# NXS2- Editorial

Practice

Author: Setter’s name
Tester: Tester’s name
Editorialist: Editorialist’s name

# DIFFICULTY:

cakewalk, SIMPLE.

# PROBLEM:

In this problem, given an input integer N we need to find two integer A,b such that A ^ B = N where ‘^’ represnts XOR opration. But we also need to take care of some conditions that 1<=A<=B<=N and A must be minimum. If no such pair exsist then just print -1

# EXPLANATION:

Here is the simple solution to this problem that we can simply use a brute force approach with time complexity of O(N) for each test case. Let me tell you one property of XOR which will help us to solve this problem. If X^N = Y where X and Y are any positive integers, we can also say that X^Y = N. Not to get in any confusion let’s implement this logic so, first we take 2 variables A and B assigning a value 0.
Before doing any implementation let me remind you the first condition of this problem that A should be minimum and greater than 1 so, what if we start a loop i=1 to N.In this loop, we need to check a simple condition that if i ^ N>=i and i ^ N<=N then A=i, B=i ^ N and we jump out of the loop. So for minimum A and A<=B<=N will be found. If we XOR A and B we will get N. Now we think about if the pair doesn’t exist then?
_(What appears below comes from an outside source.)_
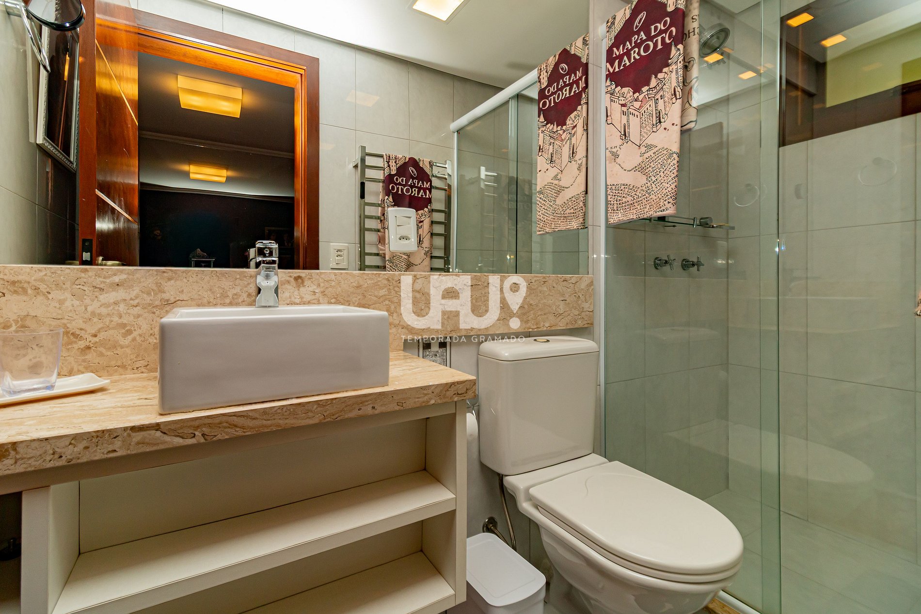 Não pode deixar de jantar à luz de velas na mesa da Grifinória esperando o correio-coruja, tirar uma soneca no sofá cama da Sonserina, tomar um cafézinho nas poltronas da Lufa-Lufa ou também degustar uma cerveja na bancada da Corvinal, com o olhar fulminante da jornalista Rita Skeeter. O Dobby está de férias eternas, mas você pode fazer uma deliciosa torta de abobora na cozinha que está toda equipada ou usar a churrasqueira para agradar seus parentes trouxas, também pode lavar seu uniforme de Hogwarts na máquina lava e seca. Temos um terminal do Banco Bruxo Gringotes, caso precise sacar algumas moedas de ouro para passeios pela cidade de Gramado. Esses passeios podem ser feitos com sua vassoura, pois o Mini Mundo dista apenas 500m, o Lago do Natal Luz, 600m e a Rua Coberta, 1200m. Mas corre o risco de quando você chegar ao terminal, esse ter sofrido um furto, pois Pedro Pettigrew já foi visto pela cidade. No caso de algum ataque de Dementadores, fique em casa e desfrute muitos livros antigos e a coleção Harry Potter, sem esquecer de estudar e copiar as receitas da nossa área de poções. Também ficou liberado para os trouxas duas SmartTV 50” com internet 350 mega e Splits. Murta Que Geme, fez questão de oferecer um enxoval completo e muito confortável, mas ela vai aparecer no banheiro para te assombrar. Importante alertar, que o local só possui estacionamento para vassouras dentro do apartamento. Caso você seja um trouxa, encontrará facilmente local para seu veículo na rua, em frente ao prédio. O apartamento Harry Potter está localizado na Rua Piratini, 619, junto à Avenida das Hortênsias, a mercados, padarias e aos melhores restaurantes da cidade, mas as escolas de bruxaria estarão fechadas, pois afinal, você está de férias. Na falta de sua criatura, seu pet de pequeno porte é bem- vindo em nosso apartamento, somente reiteramos as responsabilidades, em caso de avaria ou sujeira será cobrado. Em caso de sua criatura ser grande como um hipogrifo, é necessário entrar em contato conosco antes da confirmação da reserva.Texto da Cacau, proprietária (10 anos)!

After the loop, we will check that if A==0 and B==0 then print -1 else print A, B.
For more clarification refer to my solution

# SOLUTIONS:

Editorialist's Solution
```import java.util.Scanner;
import java.io.*;

class NXS2 {
public static void main (String[] args) {
Scanner sc = new Scanner(System.in);
int test = sc.nextInt();
while(test-->0){
int n = sc.nextInt();
int a=0,b=0;
for(int i=1;i<=n;i++){
int temp = n^i;
if(i<=temp && temp<=n){
a=i;
b=temp;
break;
}
}
if(a!=0 && b!=0)
System.out.println(a+" "+b);
else
System.out.println(-1);
}
}
}
```

Feel free to share your approach, if you want to. (even if it’s same) . Suggestions are welcomed as always had been.